[Source material — start]

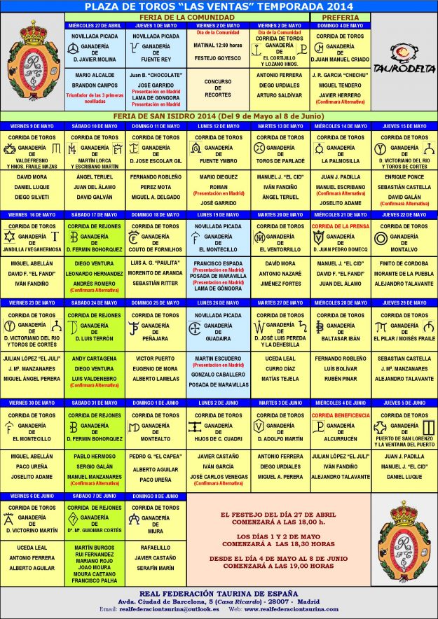 Plaza de Toros de Las Ventas. Temporada 2014 2014, HemerotecaPor Claudia Starchevich30 marzo, 2014 Informa Real Federación Taurina de España
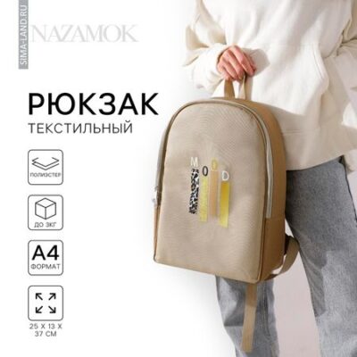 Главная » Аксессуары Рюкзак школьный текстильный Mood, 25×13×37 см, бежевый Просмотров 4 Рюкзак школьный текстильный Mood, 25×13×37 см, бежевый NAZAMOK
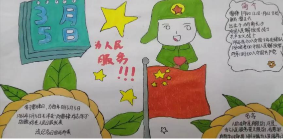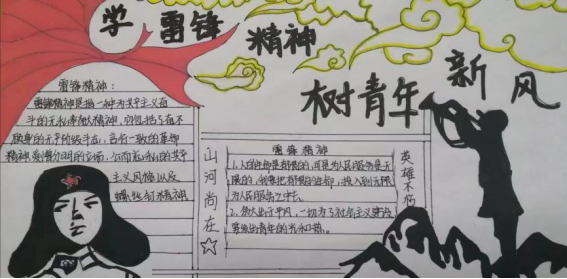 除此之外,同学们还通过绘画,制作手抄报等形式多样的活动,走近雷锋,寻找雷锋的足迹,践行雷锋精神。同时各班团支书也鼓励同学们学习雷锋精神,传承助人为乐、诚实守信、奉献爱心、艰苦朴实的中华传统美德,让雷锋精神在新时代绽放更加灿烂的光芒。

[Source material — finish]

Task directions:
Please print everything in the material exactly, apart from the pictures.

Solution for this task:
 Plaza de Toros de Las Ventas. Temporada 2014 2014, HemerotecaPor Claudia Starchevich30 marzo, 2014 Informa Real Federación Taurina de España
 Главная » Аксессуары Рюкзак школьный текстильный Mood, 25×13×37 см, бежевый Просмотров 4 Рюкзак школьный текстильный Mood, 25×13×37 см, бежевый NAZAMOK
 除此之外,同学们还通过绘画,制作手抄报等形式多样的活动,走近雷锋,寻找雷锋的足迹,践行雷锋精神。同时各班团支书也鼓励同学们学习雷锋精神,传承助人为乐、诚实守信、奉献爱心、艰苦朴实的中华传统美德,让雷锋精神在新时代绽放更加灿烂的光芒。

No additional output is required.